A drainage network collects water from a region called a
drainage basin, catchment or watershed. The highland or ridge
separating one watershed from another I called a drainage
divide. A continental divide separates drainage that flows into
one ocean from drainage that flows into another.
In a gaining steam, the volume of water increases in the
downstream direction, whereas in a losing stream, the volume of water decreases in the downstream
direction. Which system it is depends on: (1) amount of water entering the stream from tributaries,
because water coming from tributaries can replace water lost to evaporation or to infiltration into the
streambed; and (2) depth of water table relative to streambed, because if the streambed lies below the
water table, then groundwater flows up into the stream through springs.
A permanent stream flows all year long, whereas ephemeral streams flow for only part of the year. If
the water table generally lies above the streambed, the stream is permanent. All
ephemeral streams are losing streams (water table lies at depth below the
streambed so water sinks down through the streambed) BUT not all losing
streams are ephemeral. Permanent losing streams are those whose headwaters
lie in wetter region, so the stream receives more water from its upper reaches
than it loses to infiltration or evaporation in its lower reaches. The dry channel
of ephemeral streams are called dry wash, wadi or arroyo.
Since streambeds are permeable, water from a permanent stream mixes with
groundwater in a region beneath the streambed called the hyporheic zone.
Water in this zone flows in the same direction as the stream but not so fast. Wadi

17.3 Describing flow in streams; Discharge and turbulence
Discharge: the volume of water passing a reference point in a given
time.

D= Ac x va (Ac= crossectional area in m3 and Va= average velocity)

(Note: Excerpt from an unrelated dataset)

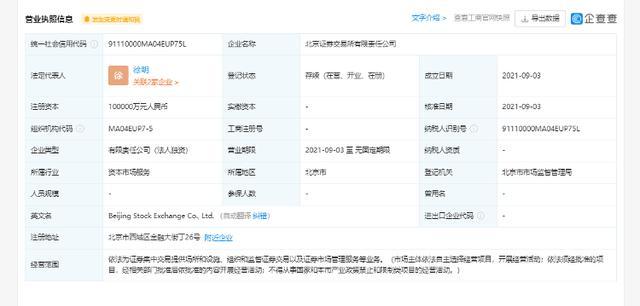 9月5日,记者注意到,北京证券交易所有限责任公司已完成工商注册,成立日期为9月3日,注册资本为10亿元,法定代表人为徐明。

Discharge depends on the size of the watershed, on whether the stream
is gaining or losing and on the amount of rain or snow falling in the
watershed. Velocity differs at a certain pint because friction along the
sides and bed of the stream slows the flow at those points. The amount by which friction slows the flow
depends both on the roughness of the walls and bed and on channel shape. Rougher walls slow the floor
more and a wide shallow stream channel has a larger wetted perimeter (the area in which water touches
the channel walls) than does a semicircular channels, so water flows more slowly in the shallow stream.